Hiya I am going to write to Explorer today. We are a bit upset about it as we have already had to have several cupboard doors replaced due to them delaminating. What other problems are we going to encounter in the future when the conversion warranty runs out. If anyone else has dealt with this problem before I would very much appreciate their advice. We love the van otherwise but are mad that this has come to light now especially at the time we use it most. Jen


----------



## BedfordMJ (Jun 15, 2008)

You need to be saying it's not fit for purpose under the sale of goods act - please google it and also can you google Carlill V Carbolic smoke ball company (I think 1897) It may be of help.


----------



## BedfordMJ (Jun 15, 2008)

http://en.wikipedia.org/wiki/Carlill_v._Carbolic_Smoke_Ball_Company
1893 -sorry. So I'd look very carefully at what is said in  the brochures of the motorhome. Don't lose your temper, just be persistant.
If in the brochure it says things like warm, snug, comfortable etc. then you can see where the smokeball co. comes in.
It is doubtful  that you'd get a replacement but you could at least expect full and effective repairs - with a guarantee on the repairs in writing and not just a one year guarantee. Also you need in writing that if further faults develop that they will make them good, plus either some money as compensation or some extas fitted for free plus free servicing for three years. You might not get all you ask for but aim high and meet them in the middle after holding out for some time. Don't agree easily. Remember you have paid a lot of money for this and they have made a lot of profit. Remind the that you post on a lot of forums about motorhomes and the bad publicity really is't worth it etc. etc
Have fun and please let us know how good a deal they make you.


----------



## jenspen (Jun 15, 2008)

Hiya Thanks everyone for your help and advice. I will write to Explorer today and include some of the things suggested. I will let you know when and if we get things sorted. May take a few weeks yet as we are waiting for another item to be replaced (locker door) so we are having the two jobs done at the same time. Thanks again. Jen


----------



## Deleted member 775 (Jun 15, 2008)

think with all the probs you have been having you need to get in touch with trading standards explain to them the probs you are having and had over the year you have had it then let them sort it out i have a compass drifter it is 26 years old and dont seem to have the probs you are having  i hope you get things sorted


----------



## walkers (Jun 16, 2008)

jenspen said:


> Hiya I am going to write to Explorer today. We are a bit upset about it as we have already had to have several cupboard doors replaced due to them delaminating. What other problems are we going to encounter in the future when the conversion warranty runs out. If anyone else has dealt with this problem before I would very much appreciate their advice.
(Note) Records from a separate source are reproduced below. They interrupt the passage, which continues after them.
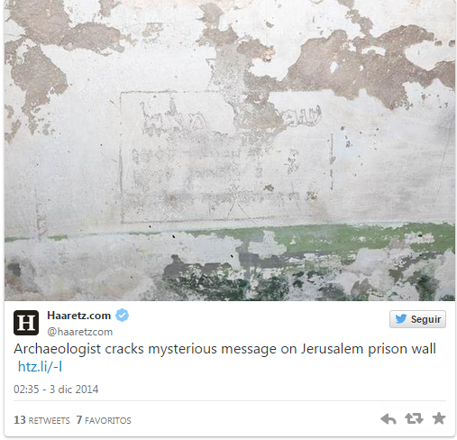 Shmuel Matza, exmiembro del Movimiento de Resistencia Judía, pasó en 1947 cuatro días en la prisión Kishle, que está situada junto a las murallas de la ciudad vieja de Jerusalén, informa ‘Haaretz’. En un acto simbólico de autodefensa talló su nombre y el emblema de la organización antibritánica en la que militaba en la pared de la cárcel. Pero lo que el combatiente no podría haber imaginado es que detrás del mensaje de Matza se encontraría una extraordinaria inscripción que, según los arqueólogos, data del siglo VIII antes de Cristo, es decir, perteneciente al período del Primer Templo.El descubrimiento se debe a Amit Re’em, quien decidió encontrar al autor de la inscripción contemporánea. «Dentro de la cárcel se halla toda la historia de Jerusalén», asegura el arqueólogo. Una planta más abajo los investigadores han encontrado una cuenca que pertenece, según sus estimaciones, a la época de los cruzados. Más allá han descubierto un canal que llega hasta el palacio de Herodes y la base del Palacio Mount Zion.Los investigadores, encabezados por Amit Re’em trabajan hoy en la decodificación del antiguo mensaje, que probablemente fue dejado por uno de los primeros prisioneros de la cárcel. El público puede contemplar de la inscripción en las excursiones que organiza el Museo Torre de David.
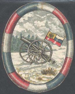 1914 г. 06.12.1914 г. Овал разм. 43 х 53 мм. Многоцветная печать на плотной белой бумаге. В овальной рамке из поперечных полос цветов российского флага в центре орудие и новый национальный флаг России. На заднем плане лес.
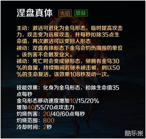 业火(被动),普通攻击与技能攻击均附带燃烧伤害。当叠满5层时眩晕敌人并爆发额外伤害。在金乌装备未成型之前叠满较为不易。前期1点足矣。
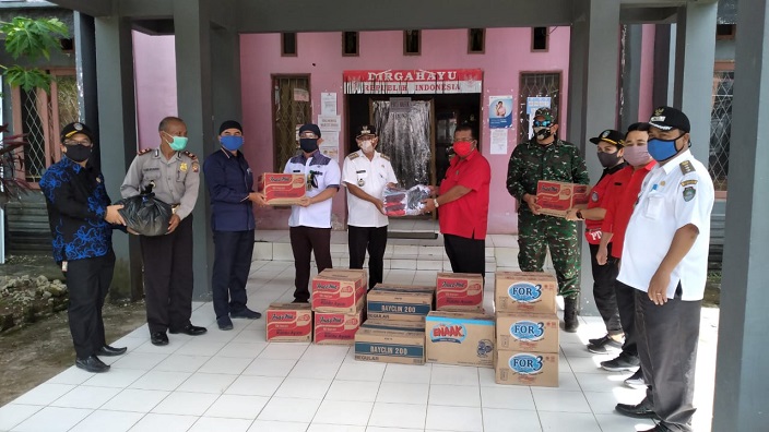 Ketua DPRD Kabupaten Landak Heri Sama SH,MH beserta Rombongan menyerahkan Bantuan Berupa Sembako ,Cairan Disinfektan dan Masker untuk penanggulangan Covid 19 di Kecamatan Air Besar Kabupaten Landak.
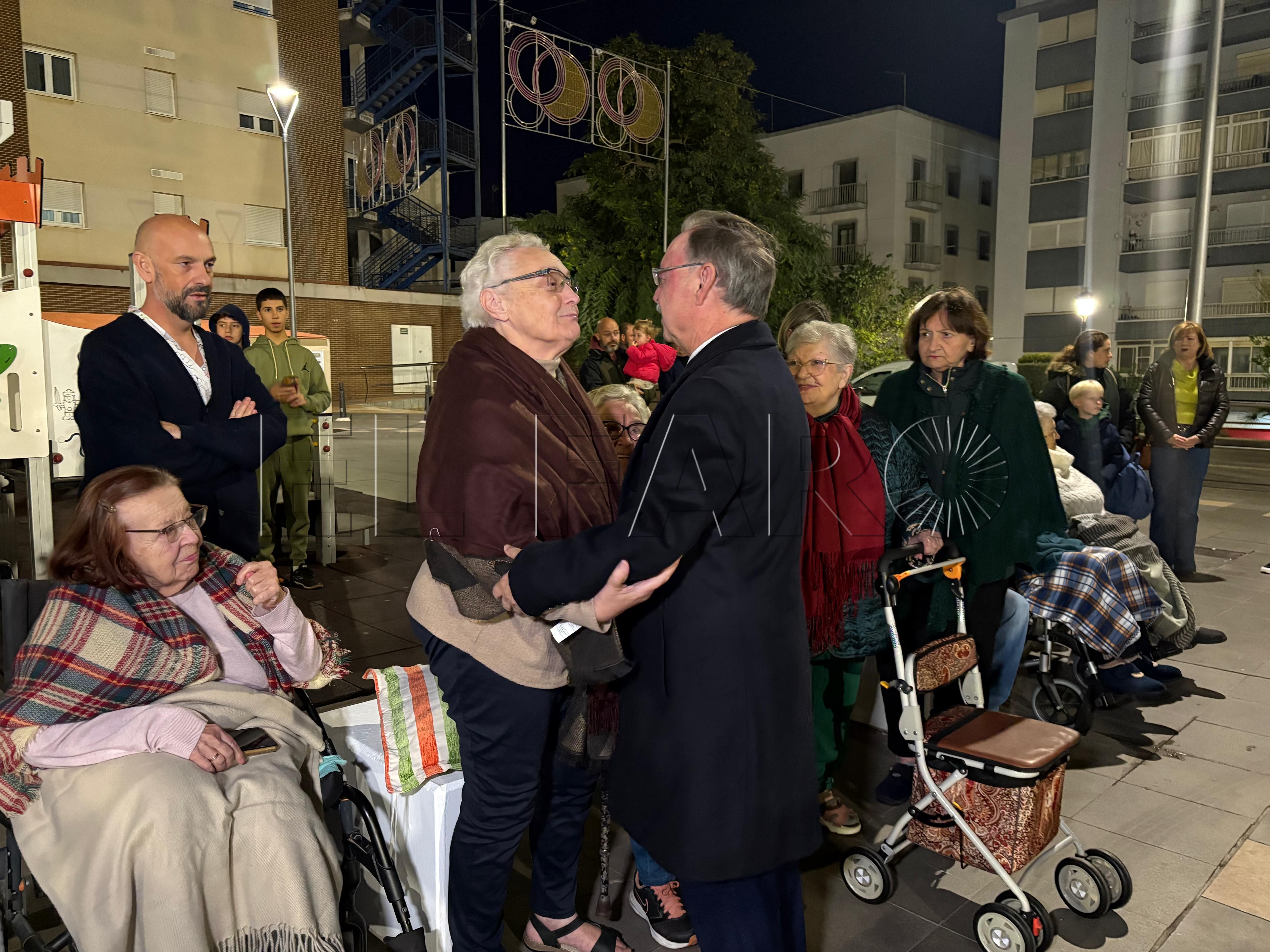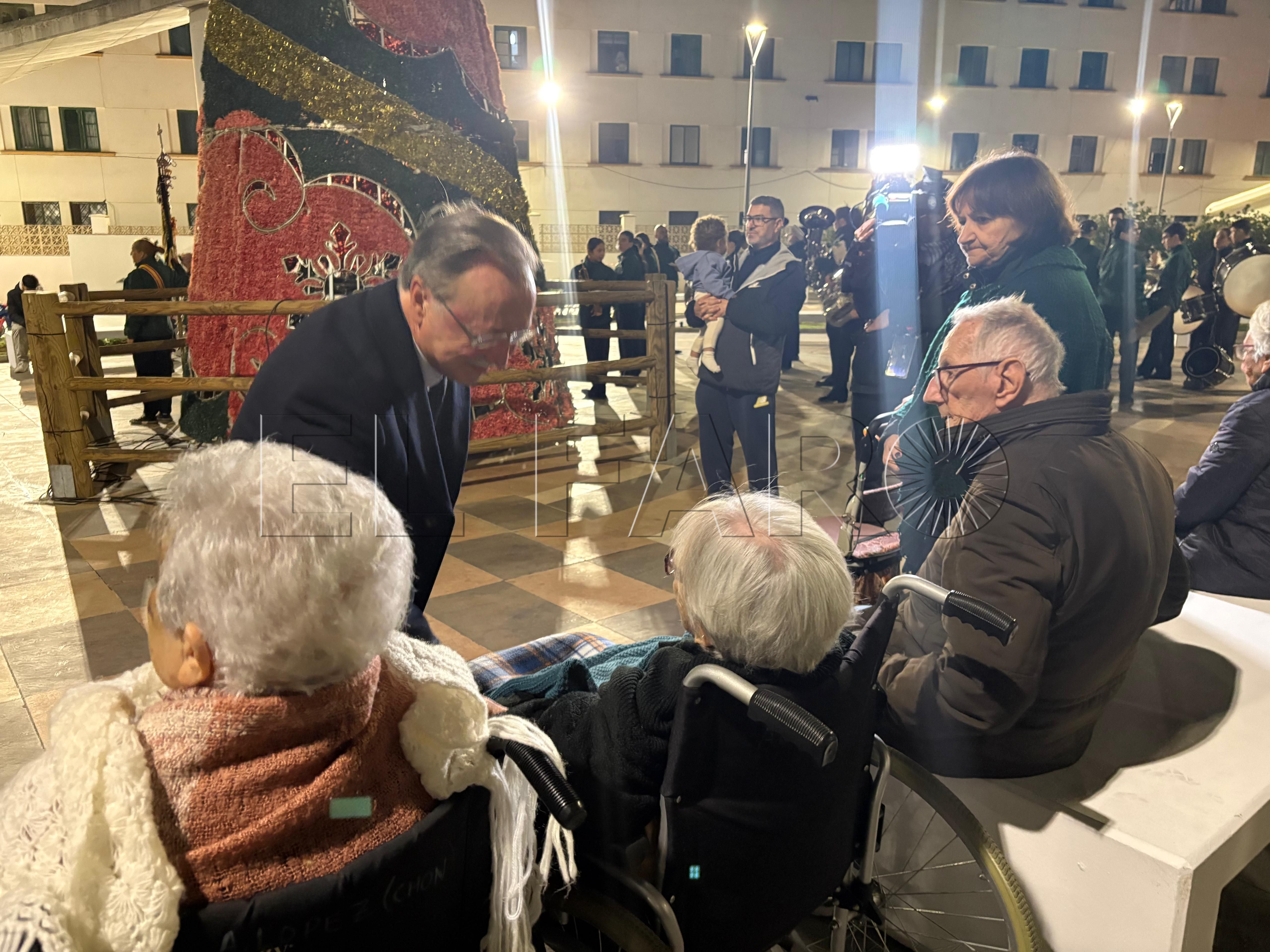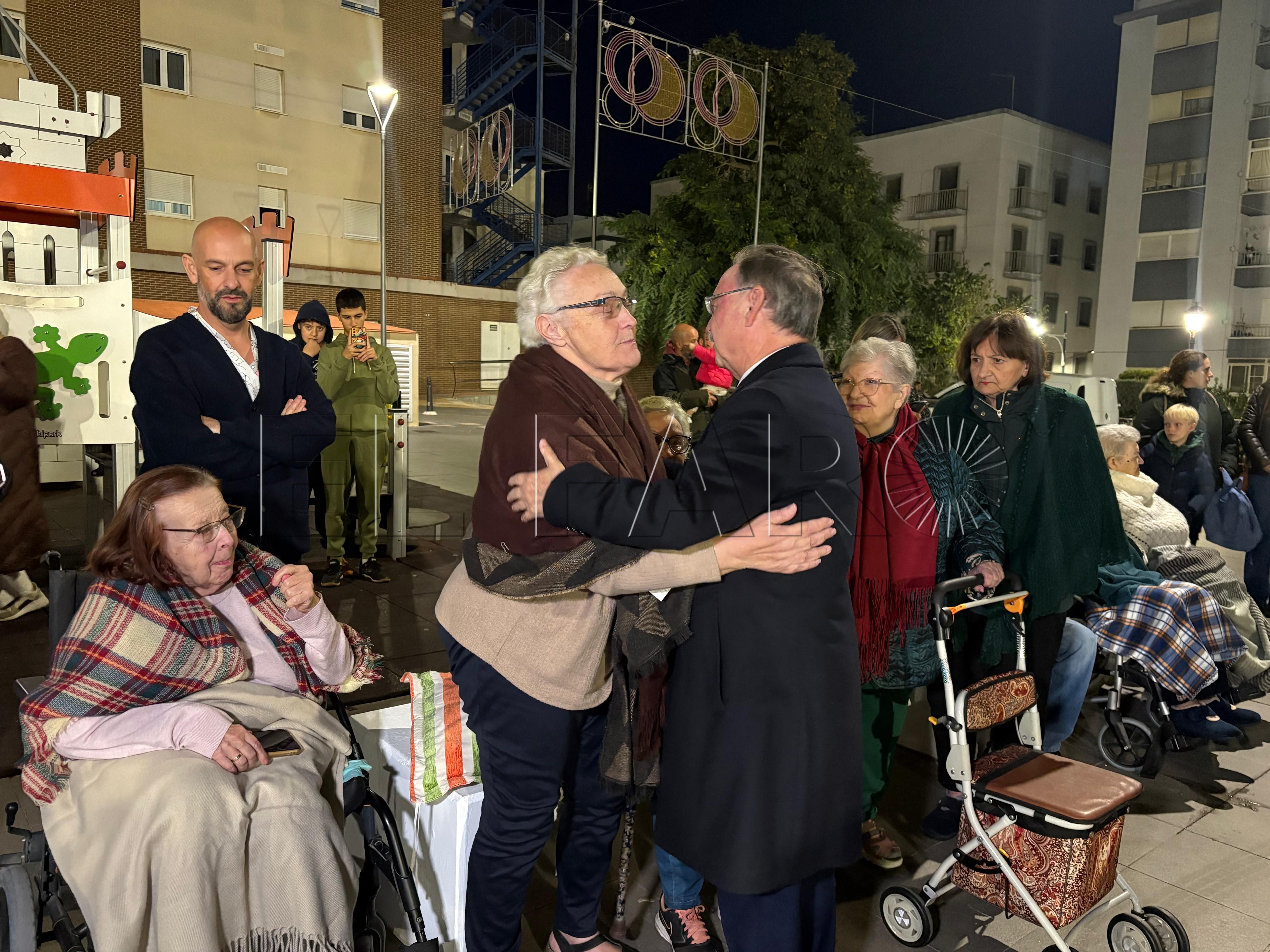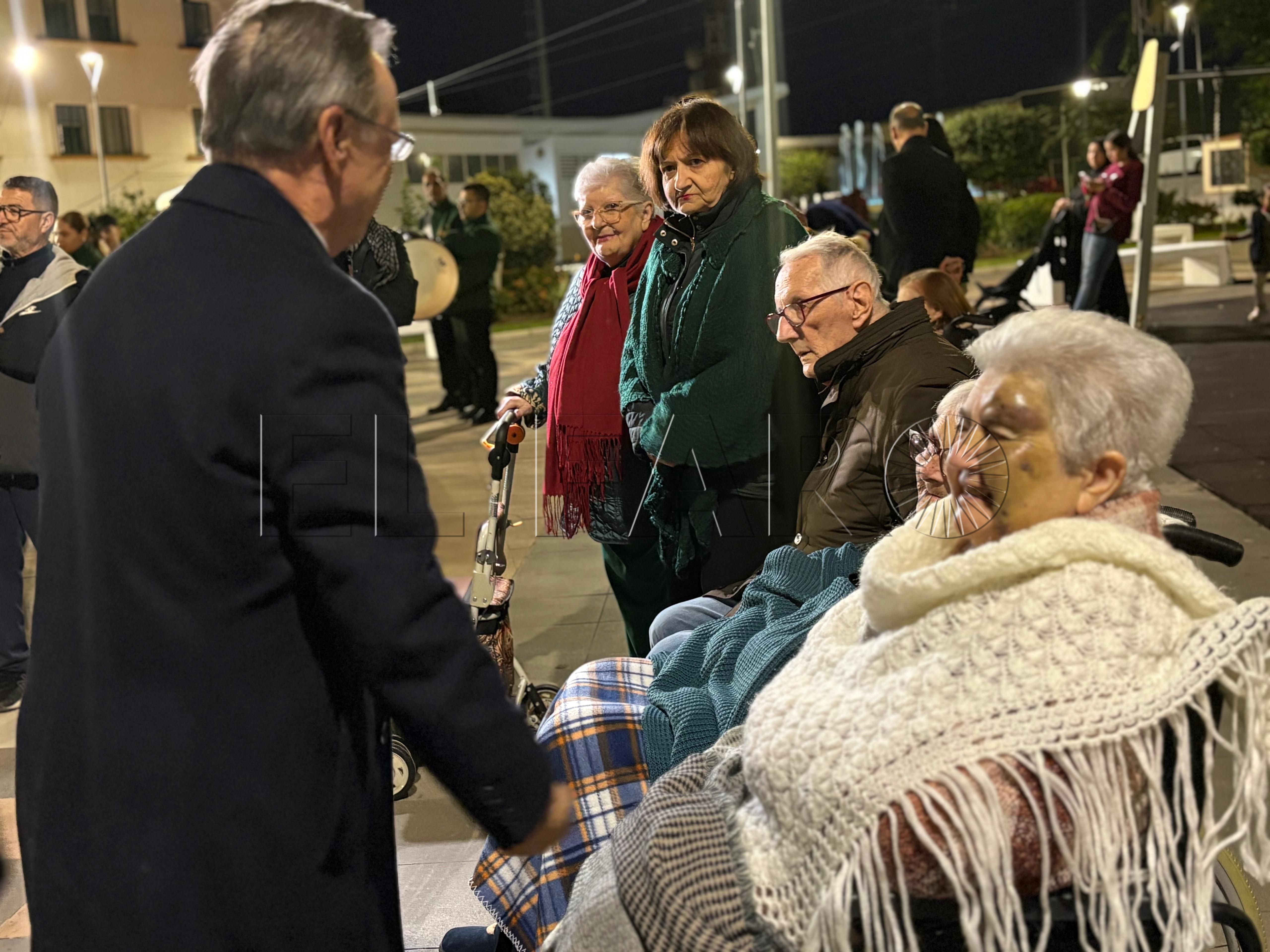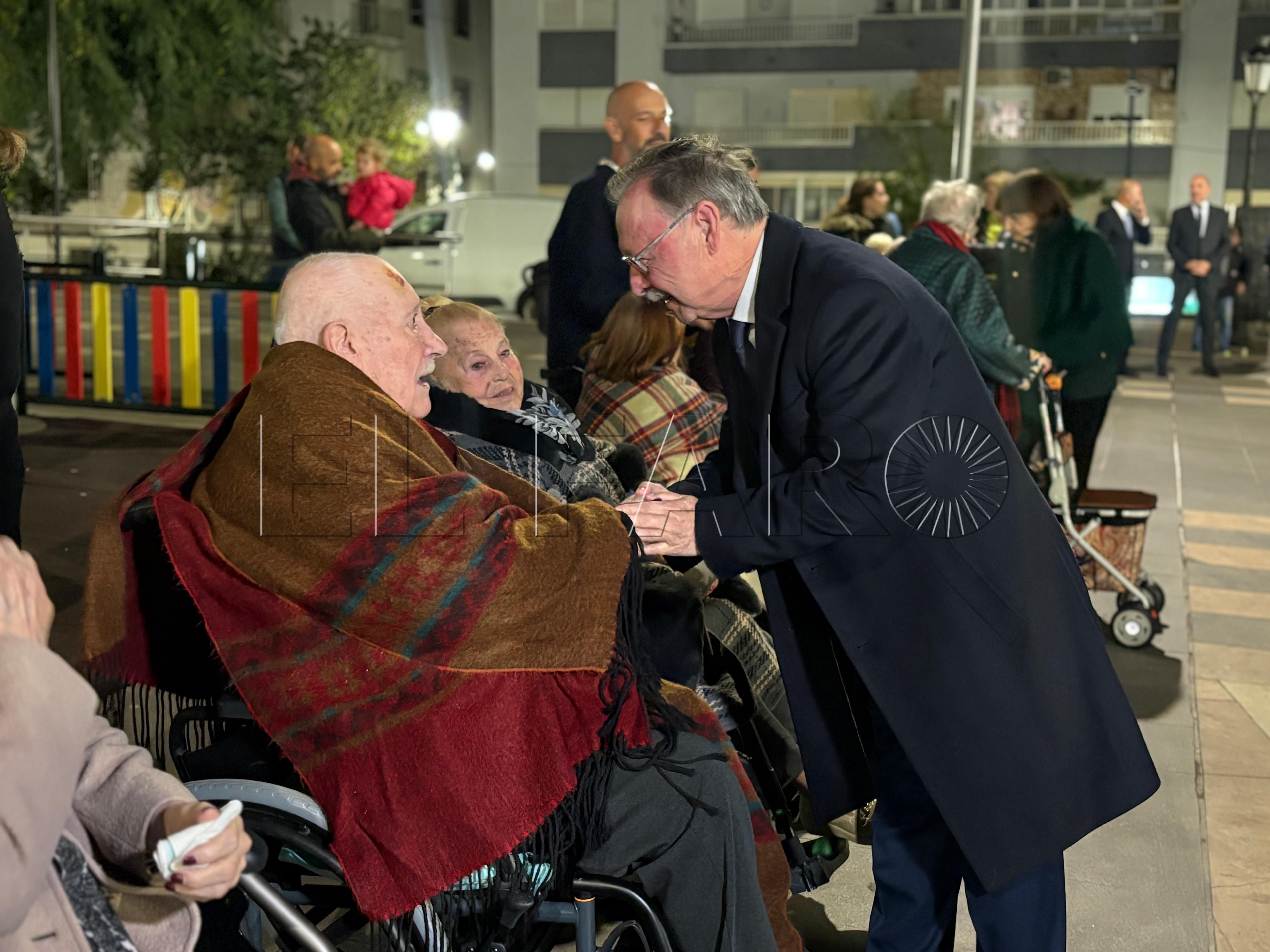 Uno de los momentos más emotivos ha ocurrido poco antes del encendido. El presidente Juan Vivas ha llegado a la plaza unos minutos antes y se ha acercado a saludar a los ancianos de la residencia Virgen de África, que habían sido dispuestos frente al árbol de Navidad instalado en el centro de la plaza.

We love the van otherwise but are mad that this has come to light now especially at the time we use it most. Jen


have the cupboard doors delaminated due to the damp from the water ingress, it could have been getting in for a long time if so it will probably be next to futile to repair it as the damage could have spread further than can be physically seen. ask for a 'new' replacement van. the delamination should have made them suspicious of moisture damage imho. good luck regards tony


----------



## Deleted member 775 (Jun 16, 2008)

yea i agree to you never know it may have been leaking since it was built . then stored outside in a compound untill sold .who knows what damage has been caused to the structure, get an independent survey as the supplying dealer has too much to lose then with the survey you have a lever to go with


----------



## starblazer (Jun 16, 2008)

Jenspen, not sure if you are in either of the "2 big clubs"  but they both have free legal helplines, might be worth giving them a bell as to your legal standing

bertie


----------



## GARY ENGLISH (Jun 17, 2008)

*Water ingress*

I would push for another van,once the water is in the damage is done.They  should reseal all the roof joints,but you really want to see that being done ,because some just run a bead along the outside and not inbetween the panels and joints.Ihope you get it sorted ,all the best.


----------



## wildman (Jun 17, 2008)

Not fit for purpose under the sale of goods act. Dont accept repair, a new van of full refund only, once damp has got inside it will eventually rot!!!!!!!!!!! Good Luck


----------



## jenspen (Jun 17, 2008)

Hiya thanks everyone for all your replies. We have written a long letter to customer service at Explorer outlining our concerns. Dont really want to go the legal route if we can help it. But may have to. Will keep you informed when we find out what is our next step. Jen


----------



## walkers (Jun 17, 2008)

the very best of luck


----------



## tresrikay (Jun 17, 2008)

The problem is probably pooling on the roof, next time it rains get a ladder and look on the roof for a big puddle. Take a photo of it and take it to a solicitor or citizens advice, listing all the problems you have had. In the mean time advise explorer of the course you are taking and tell them the minimum settlement that you would accept from them is a replacement of the vehicle with a brand new one, otherwise you will consider action against them for loss of use, inconvenience. fuel used and time lost returning it for warranty work. plus any other claims that might be advised to me by your advisers. The prats that built it were probably on minimum wage, sat outside drinking tea or talking about football whilst forgetting to lay the sealant between the seams good old British workmanship ay. I wouldn't buy British, mine have been Italian and Belgian and both relatively fault free  Just minor niggles.


----------